Double exposures, triple exposures, quadruple exposures, abstractions, confusions, distractions, mistakes, happy accidents, orchestrated layers, image x image…basically a collection of multiples shot with my Nikon FM2n, Olympus Trip 35, and Vivitar Ultra Wide and Slim cameras.
Some moments in time I have captured with human beings, either in portraits or street photography.
I have always loved to photograph power lines. If I can insert a power line into an image, I will usually do so. There’s something about the way the lines grid and cut through the image, providing a way to shift away the focus of the eye when looking at an image. It kind of adds some abstract photographic “noise” to the image that I find incredibly pleasing. These are a few of such images over the last decade plus.
In December of 2022, I went to Mexico City for the first time. I quickly became smitten with this magical city. I walked eighty-two miles in eight days, taking fotos, absorbing, eating amazing food, etc. In February of 2024, I returned for nine days of more of the same. This visit was over a hundred miles of endless flaneuring, cameras in hand, blistered feet, sore 50 something knees, a strip of sunburned neck where sunscreen was missed. Of over seven hundred images I took on the two trips, these are a small selection of them—more are scattered in some other sections.
Pretty much as the title says—the city at night, all neon drenched, shadowy, and romantic.
There's something about a vacant parking lot or structure that makes me think I have stepped into a dystopian future. Concrete, artificial fluorescent lights, and the emptiness of space combine to create a lonely vision of a stark dystopian world.
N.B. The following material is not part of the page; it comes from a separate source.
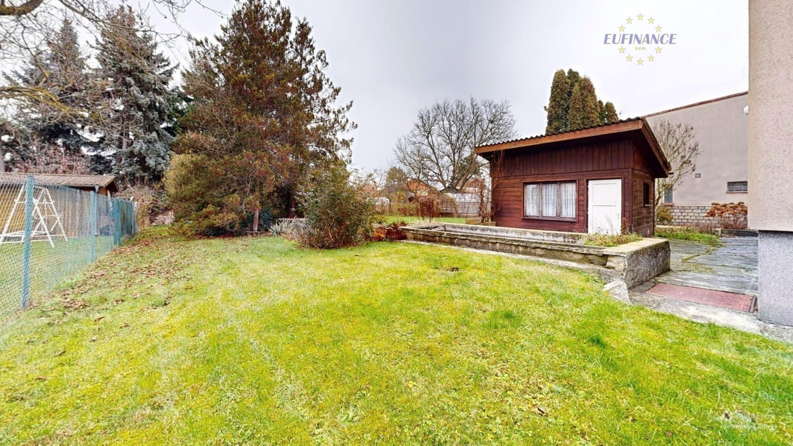 vodovod a kanalizace, plyn, elektřina 230 a 380 V). Na zahradě je

I have been taking photographs of old movie theatres across America and in other countries for decades. Some are still operating, many more are vacant or being used for something other than screening films. In 2011 I decided to re-shoot these unused theatres across my home state of Oklahoma with my Hasselblad 500 C/M. I spent well over a year criss-crossing the state, trying to capture every theatre and drive-in that I knew of. My hope is that by exposing the harsh, unforgiving neglect of these structures in vibrant, beautiful color, I can shed new light on architectural gems that were once the focal point of their communities.
In early 2017 I went to Paris and lugged my Hasselblad 500 C/M all over the city for ten straight days. Here are a few of the images from that trip and a bit about that first photo. The carrousel de Paris was spinning quite fast and I couldn’t make out any of what was written on it. As usual with me, I was shooting with my Hassy handheld and I don’t like taking more than one image of my subject—I get one crack at it. I guessed at when it looked like more type was spinning by and this is the photo I got. It couldn’t have been more perfect if the carrousel was not moving at all. I’m tremendously proud of that one and my photographic instincts.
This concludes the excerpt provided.